Article : Articles dans des revues internationales ou nationales avec comité de lecture

The manufacturing landscape is undergoing a paradigm shift towards Industry 5.0, emphasizing human-centricity in a collaborative environment between humans and robots. In this context, the job shop scheduling problem (JSSP) remains a critical aspect of workshop management, optimizing task sequencing to minimize the overall completion time (makespan).

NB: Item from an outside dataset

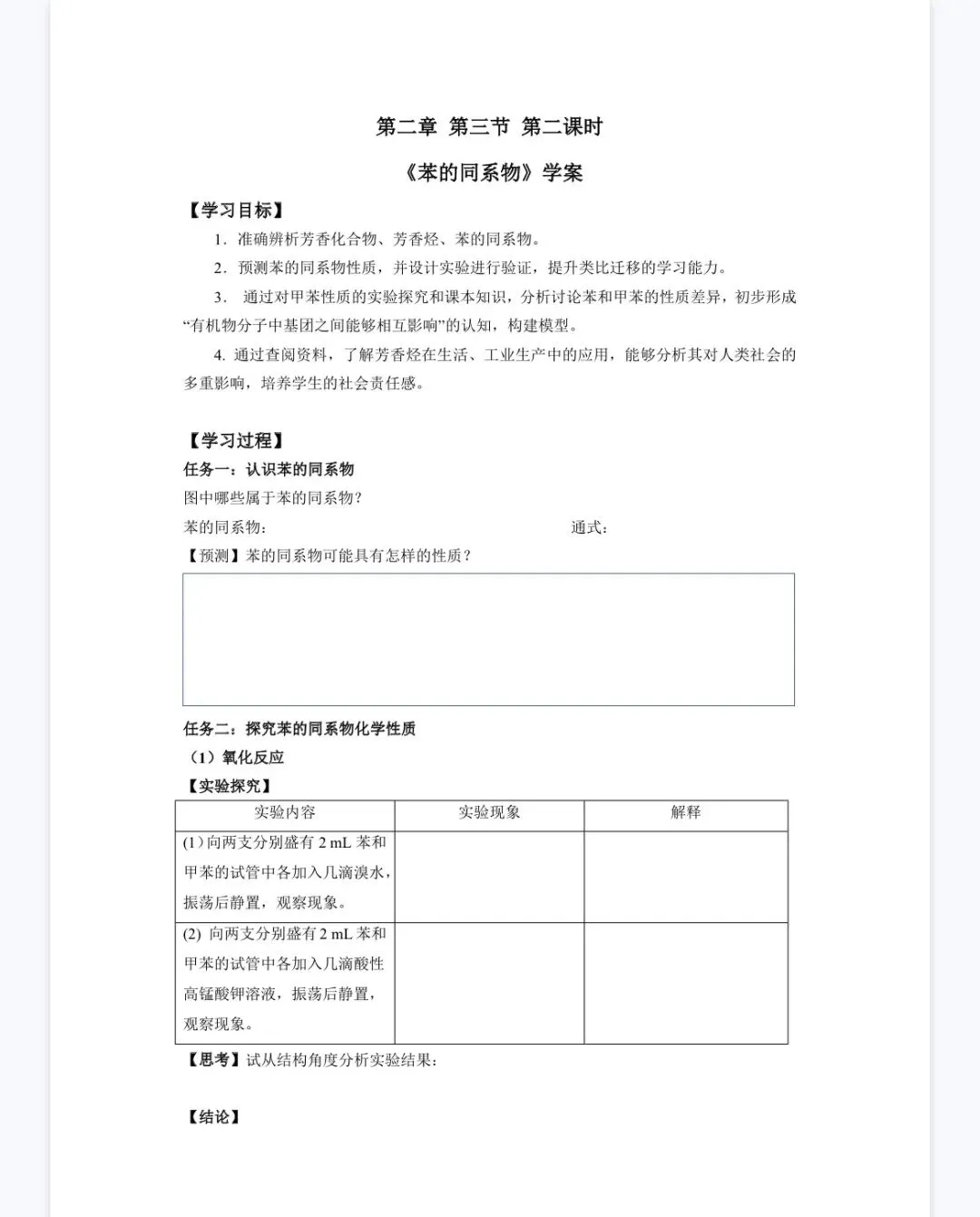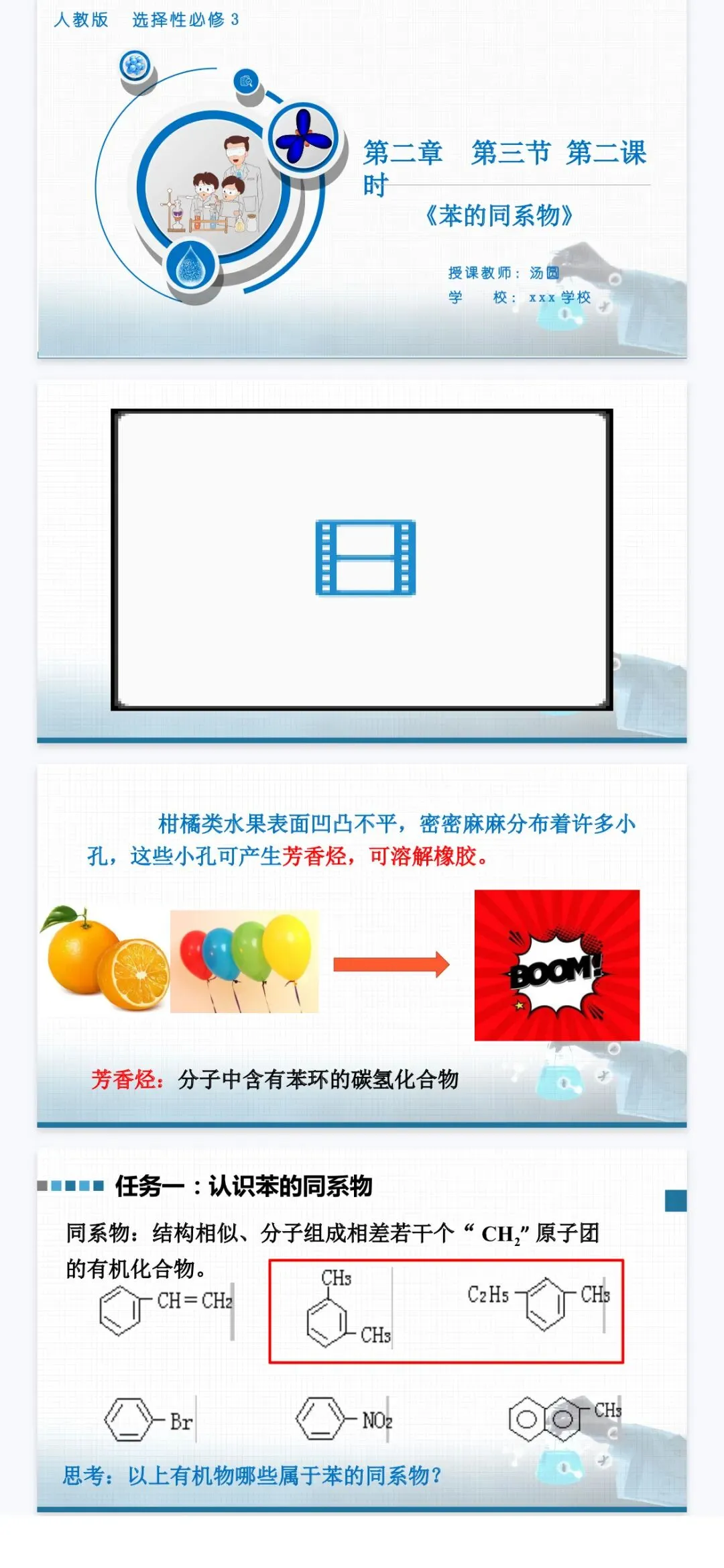 >【选修三10】高中化学《苯的同系物》课件+教学设计+学案设计

Traditionally, autonomous and guided vehicles (AGVs) have been employed for tasks transportation within workshops. However, their limited flexibility and reliance on dedicated pathways hinder seamless integration with human workers. Autonomous and intelligent vehicles (AIVs) emerge as a promising alternative, offering enhanced adaptability and the ability to navigate alongside humans in shared spaces. Despite the emphasis on human-centricity as a foundation of manufacturing in Industry 5.0, research explicitly considering human factors in JSSPs remains scarce. Hence, this study delves into the transition from AGVs to AIVs within the context of JSSP, evaluating their impact on the makespan and the influence of human presence on AIV operations. Employing a multi-agent system (MAS)-based simulation approach, we model the stochastic human behaviour using discrete-time Markov chains (DTMC) and investigate the impact of the interactions between AIVs and human workers within shared movement corridors. Our findings highlight the potential of AIVs to enhance workshop efficiency over AGVs, and their effectiveness in human-centred manufacturing policy, paving the way for more collaborative and adaptable production systems.